The other thing is, I had to really grow up in prison, do things I am not proud of and engaged in violence although I really hate it. I feel I may have grown away from her and I am only just seeing that she may have grown away from me. I am now more independent, I can stand on my own against bullies {i was bullied from age 5-20 at school/college}, this made me very submissive. I learned to fight, even though I am in a wheelchair. {gives me a tactical advantage, nut shot F.T.W.} Before I went in my anxiety was so strong, I was a virtual shut in for over 3 years and kept getting crippling depression. I rarely did anything for myself. Now I can cook, clean, look after a household, go shopping, deal with crowds and I did my Electricians exam inside to level 3 among about 20 other certificates, I enjoyed learning in there. I came out better than when I went in... I think.

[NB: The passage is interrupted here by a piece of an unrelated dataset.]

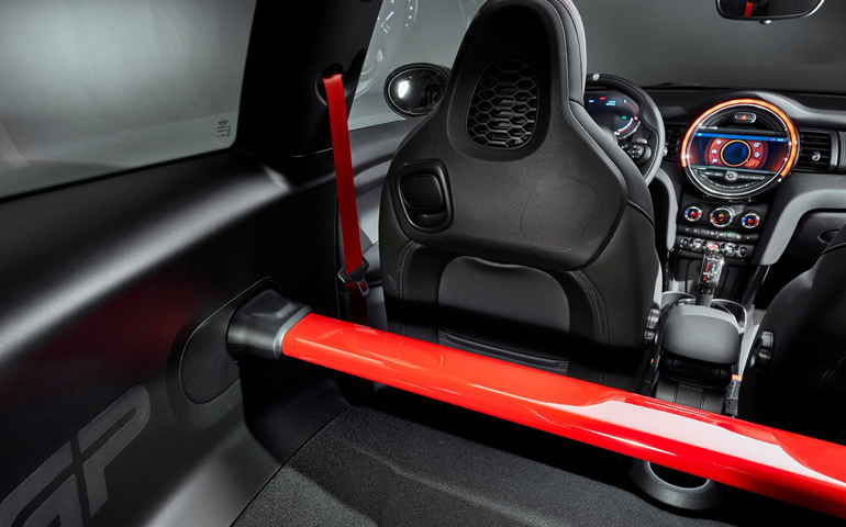 Το εσωτερικό του John Cooper Works GP συνδυάζει καθαρόαιμη σπορ αίσθηση με έντονες χρωματικές πινελιές. Ο νέος, ανεξάρτητος ψηφιακός πίνακας οργάνων προβάλλει χρήσιμες πληροφορίες στο οπτικό πεδίο του οδηγού ανάλογα με τις εκάστοτε απαιτήσεις.

So the question is this, how many times should I forgive her, should I forgive her again, am I being soft, what the fuck am I going to do, etc... I have honestly though of CTB many times in the 3 months I have been out and now I cant eat or sleep, my stomach is twisting in knots. Don't want to go back to the massive depressive spells again.

Any advice would be helpful even if its just a :heart: or a :hug:. Thank you.
Forgiveness only gives people license to keep behaving in hurtful ways. I give people exactly one chance, if they fail me, they are as good as dead to me. I give a second chance only to people I truly care about.